Moi, mes souliers ont passé dans les prés
Moi, mes souliers ont piétiné la lune
Puis mes souliers ont couché chez les fées
Et fait danser plus d'une.
Le reste du programme comprenait un extrait délicieux du Lac des cygnes, une courte pièce de Chiriaeff elle-même, une partie du Continuum de Grand-Maître, déjà mentionné, Les Héritières , de la chorégraphe canadienne contemporaine Anne Plamondon, et une émouvante pièce finale de Sophie-Estel Fernandez, Il me reste un pays , basée sur un poème de Gilles Vigneault, ami et collaborateur de Chiriaeff. Entre chaque pièce, il y avait un interlude avec une danseuse de caractère jouant le rôle de Chiriaeff, accompagnée de sa voix enregistrée dans les archives de Radio-Canada. Elle parlait de ses moments clés pendant la guerre, de sa famille, de son amour de l'esprit et de la campagne franco-canadiens.

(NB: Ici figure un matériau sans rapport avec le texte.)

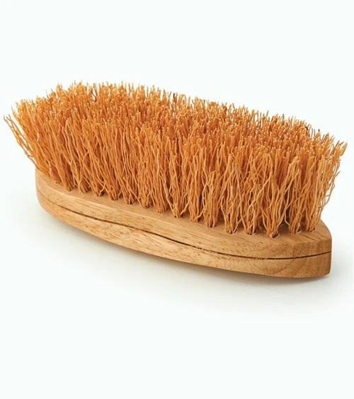 The Legends Furlong Brush from Desert Equestrian has rice root bristles that are wetted before using. The wooden block brush has a comfortable grip and sturdy construction. Use the Rice Root Brush while bathing your horse or wet it before regular brushing to help remove dust and dirt.
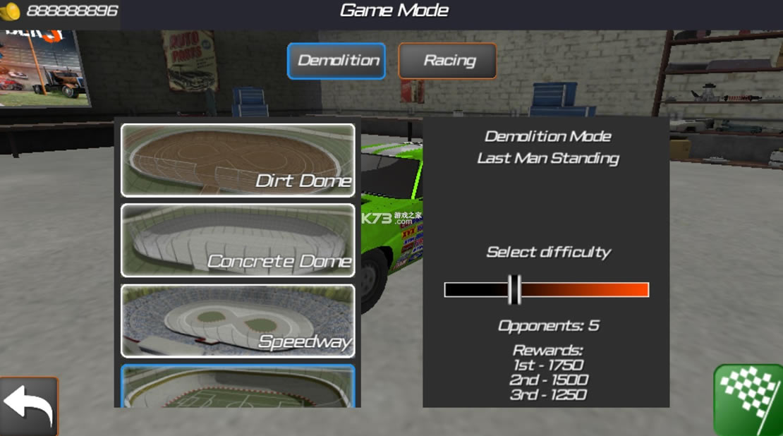 很适合发泄的游戏,刚进去的时候是小破车,随着比赛获得的金币,玩家可以购买各种赛车,买车之前,玩家还能试驾,驾驶汽车到公路上尽情的撞击破坏吧,反正又不花钱!
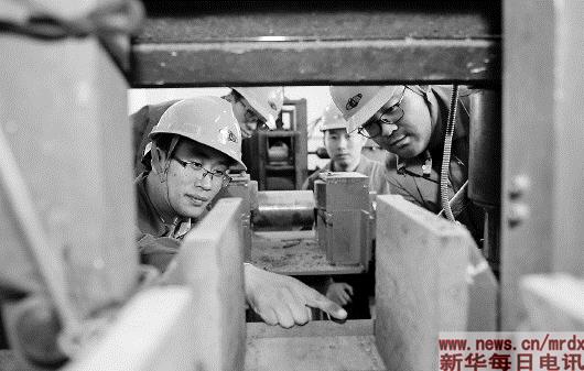 ▲5月3日,李敬刚(前左)在车间指导年轻工人工作。
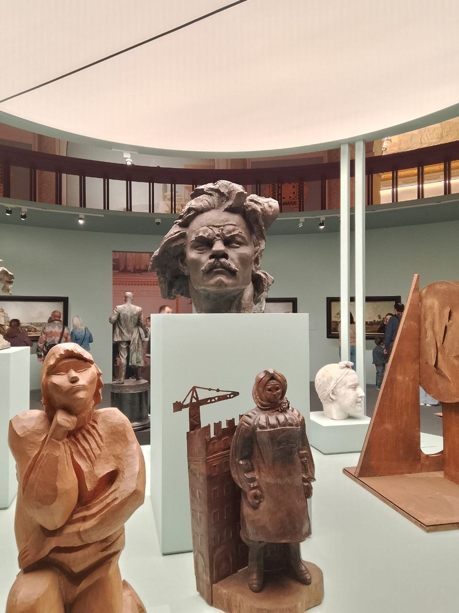 5.Образ Москвы в русском искусстве. Выставка в центральном корпусе ВДНХ. Выставка красивая, богатая. Питерцы привезли её из Государственного Русского музея. В этом сообщении (завершающем) немного скульптуры и известный портрет Максима Горького, силуэт которого по-моему использовался в логотипе-эмблеме-маскоте одной из ведущих киностудий СССР.
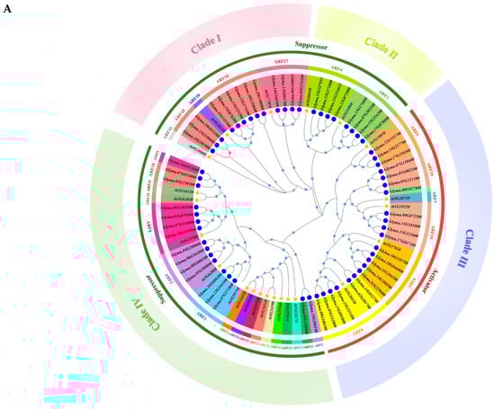 ARF is a key factor in auxin signaling transduction in plants, and this family plays a crucial role in plant growth and development. Initially, 51 members of the soybean ARF gene family were identified []. In this study, we conducted BLAST (ElasticBLAST 1.4.0) analysis in the new version of the soybean genome []. Our results suggest that there are 59 ARF gene members in the soybean genome (Figure 1A). Previous studies classified GmARF family members into five subclasses and three major branches []. In this study, using the updated GmARF protein members and amino acid sequences, our results suggested that GmARF family members could be divided into four subclasses and two major branches. Our results showed two branches were divided according to their potential functions, one branch belonging to the repressor subfamily and the other belonging to the activator subfamily (Figure 1A). Therefore, our phylogenetic tree analysis was more corelative with the potential protein functions. On the other hand, among the 59 soybean members, subfamilies ARF10, ARF16, ARF7, ARF11, ARF12, ARF13, ARF14, ARF15, ARF20, ARF21, and ARF22 in Arabidopsis thaliana are absent in soybean (Figure 1A) []. This phenomenon may be attributed to a significant subfamily preference in the distribution of the GmARF gene family, where soybeans in subclass II may be more inclined to retain or evolve specific subfamily genes. The missing subfamilies may have been lost due to natural selection, genetic drift, or other evolutionary events during soybean evolution [].
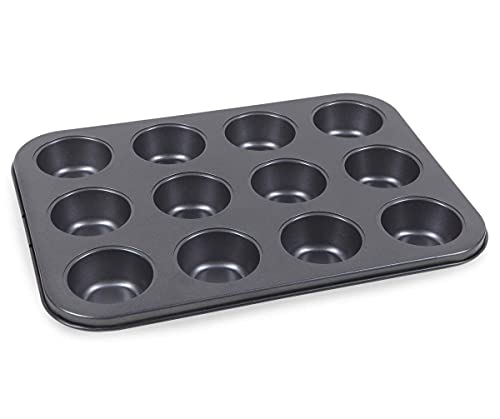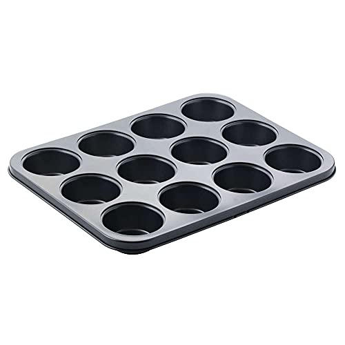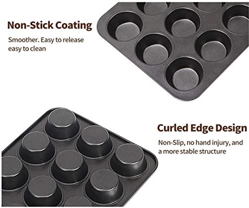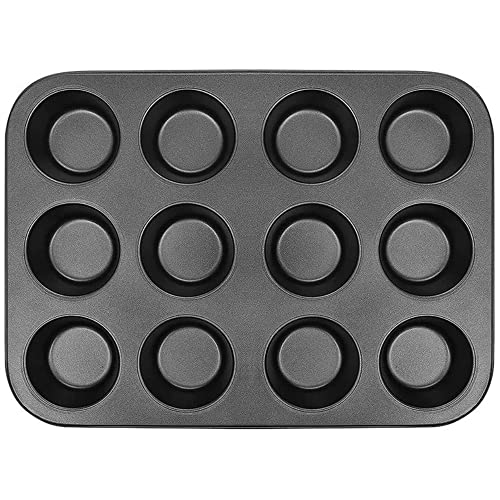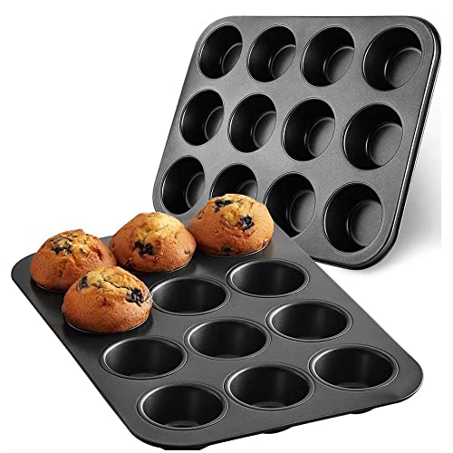 WARESHARK - صينية للخبز سعة 12 كوب غير لاصقة، لصنع المافن والكيك، مصنوعة من صلب متين بتصميم عميق لتوزيع الخبز بسهولة ومتينة للاستخدام الطويل من ويرشارك
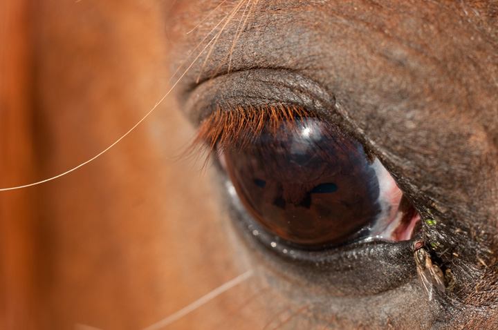 Macro of Meshka the horse’s eye, I don’t know the flies name…
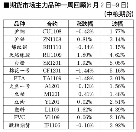 期貨市場(chǎng)主力品種一周回顧[6月2日-9日]
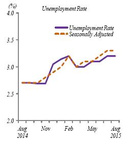 Unemployment rate remained at 3.2% The unemployment rate remained at 3.2 per cent similar with the previous month. Year-on-year comparison showed that the unemployment rate rose by 0.5 percentage points. The seasonally adjusted unemployment rate was 3.3 per cent, remained the same as in the previous month.
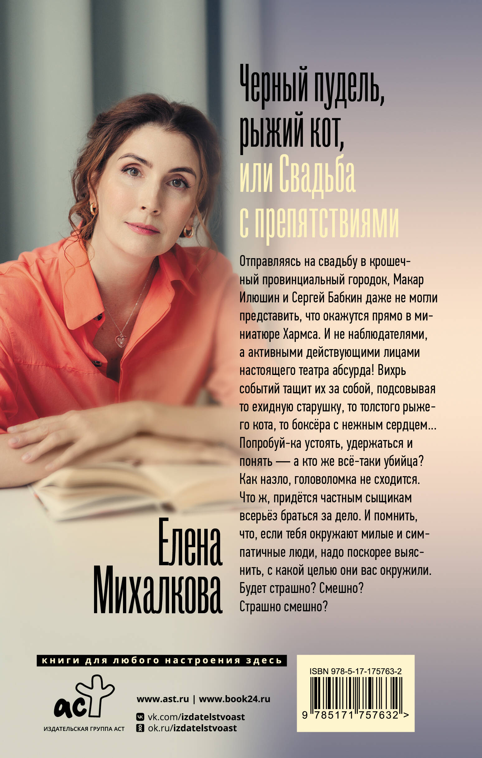 - Переиздание романа в новом оформлении. - Одно из самых странных приключений Илюшина и Бабкина. Они отправляются в городок Шавлов на свадьбу знакомой, а оказываются в абсурдистской зарисовке Хармса. Сначала гибнет скандальная пенсионерка Пудовкина, потом детективный тандем атакуют эксцентричные местные, среди которых боксер с нежной душой и упитанный рыжий кот. Удастся ли в этой босховской неразберихе найти убийцу? - Елена Михалкова - мастер остросюжетного детектива с прошлым помощника следователя. Ее книги вышли общим тиражом более двух миллионов экземпляров, снято 16 экранизаций.| Издательство | Издательство "АСТ" |
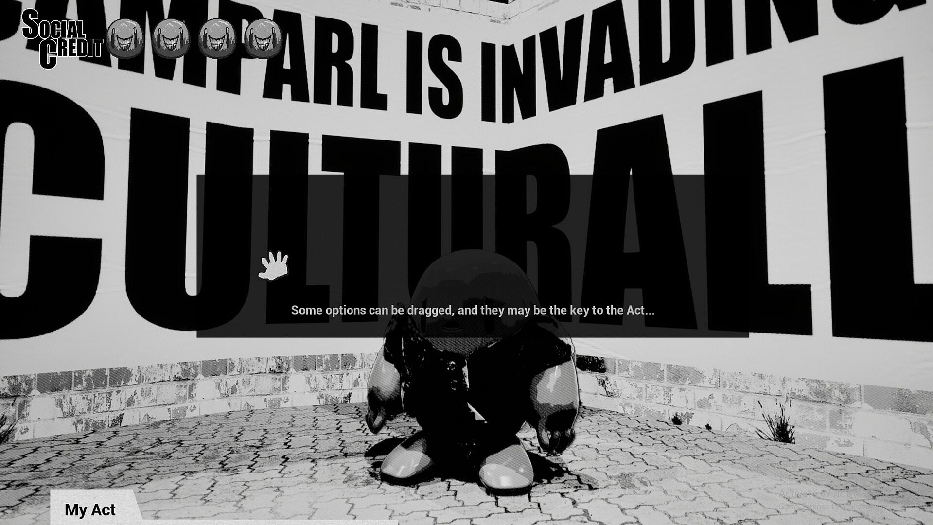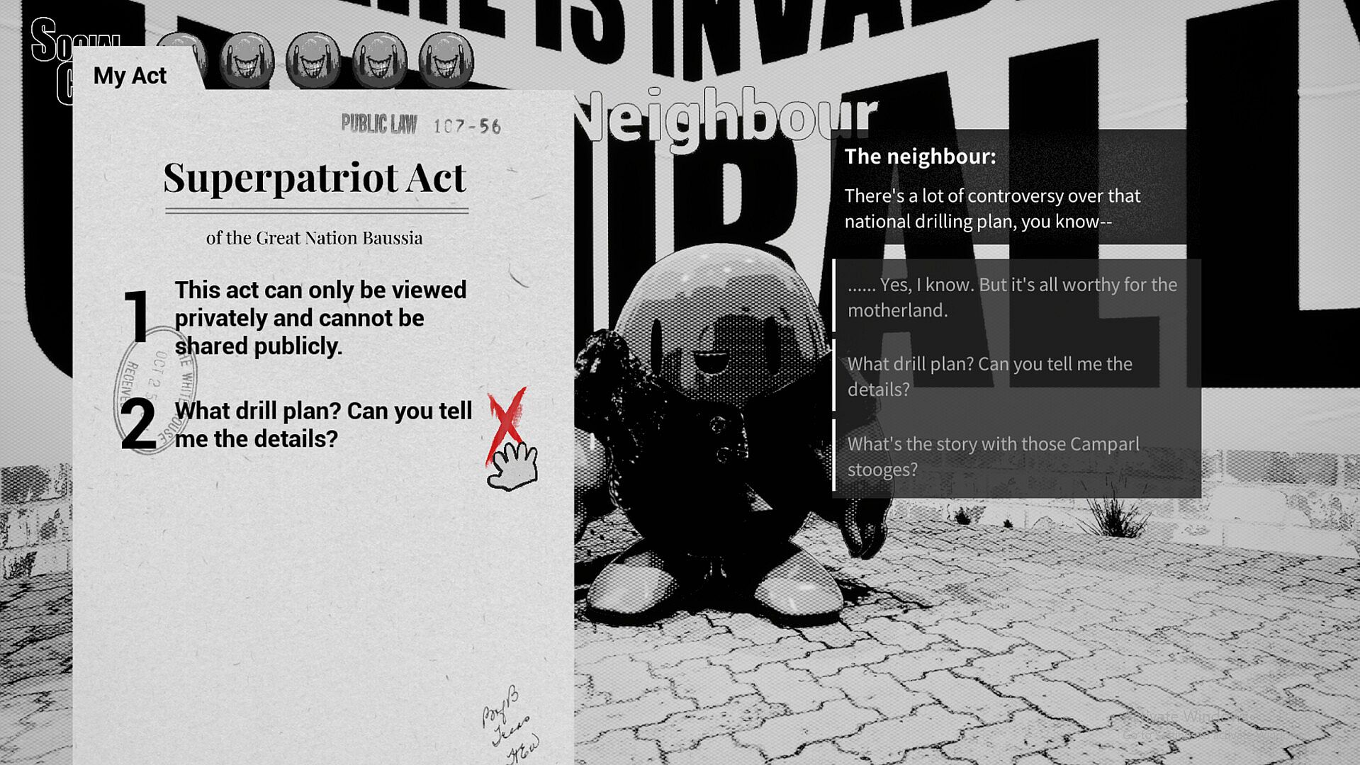 The Great Report Era is a 3D RPG political-simulating game, which displays the reflection of 5 different characters after the government of “Baussia” enacted the “Superpatriot Act” – a nationalist anti-espionage bill. The main gameplay (mechanism) is to collect the possible articles from dialogues, and to use your articles (from your own Superpatirot Act) to report other NPCs to the authority; meanwhile, the player will dig out the truth of “Great Drill Plan” through this process.
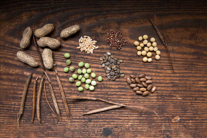 Semillas de cacahuete, mulujíe (Corchorus olitorius), sandía, daikon (Raphanus sativus var. Longipinnatus) y soja, todas de producción propia. Algunas de ellas, Kawaguchi las viene produciendo desde hace más de 40 años.
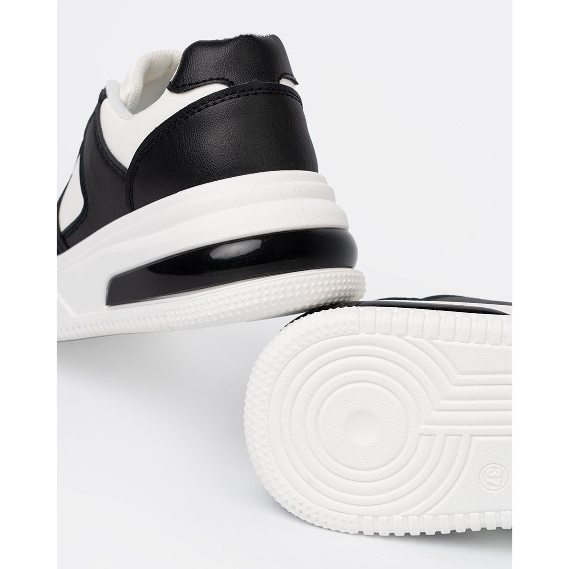 A fekete -fehér színek rendkívül univerzálisak, ami lehetővé teszi, hogy sok ruhát könnyen megfeleljen. A bőr és a textilbélés utánzata felső része nemcsak az esztétikát, hanem a tartósságot és a kényelmet is garantálja. A kerek orr egy olyan elem, amely a cipőt nagyon kényelmessé teszi a lábak számára.
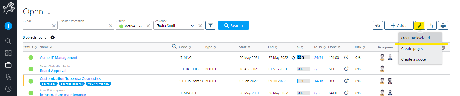 Twproject also provides the possibility of adding “custom wizards”, which will be accessed by having an additional button on the menus and creating say a project from a set of templates. An example wizard is provided in the folder
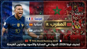 فرنسا تعتلي صدارة تصنيف فيفا لعام 2026 والمغرب يواصل زعامته العربية والإفريقية بالمركز الثامن
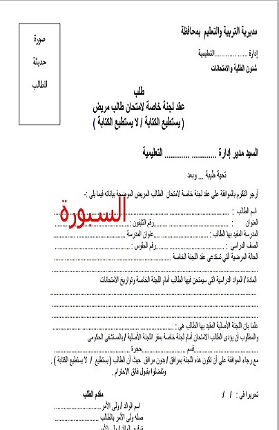 ينشر موقع "السبورة التعليمى" صورة طلب عقد لجنة خاصة لامتحان طالب مريض، خاصة وأن امتحانات الفصل الدراسى الأول على الأبواب، فعلى الطلاب الذين تستوفى حالتهم لجنة خاصة التقدم بالطلب الى مديريات التربية والتعليم التابعين لها.

La fierté du public franco-canadien était palpable tout au long du programme, et les cris de « Brava! » ont retenti à maintes reprises, tout au long de la représentation et à la fin, lorsque tout le monde s’est levé.
Les Grands Ballets Canadiens présenteront « Ludmilla », un hommage à l’audace et à l’esprit visionnaire de Ludmilla Chiriaeff , à La Salle Wilfrid-Pelletier de la Place des Arts, à Montréal du 24 au 26 octobre 2024.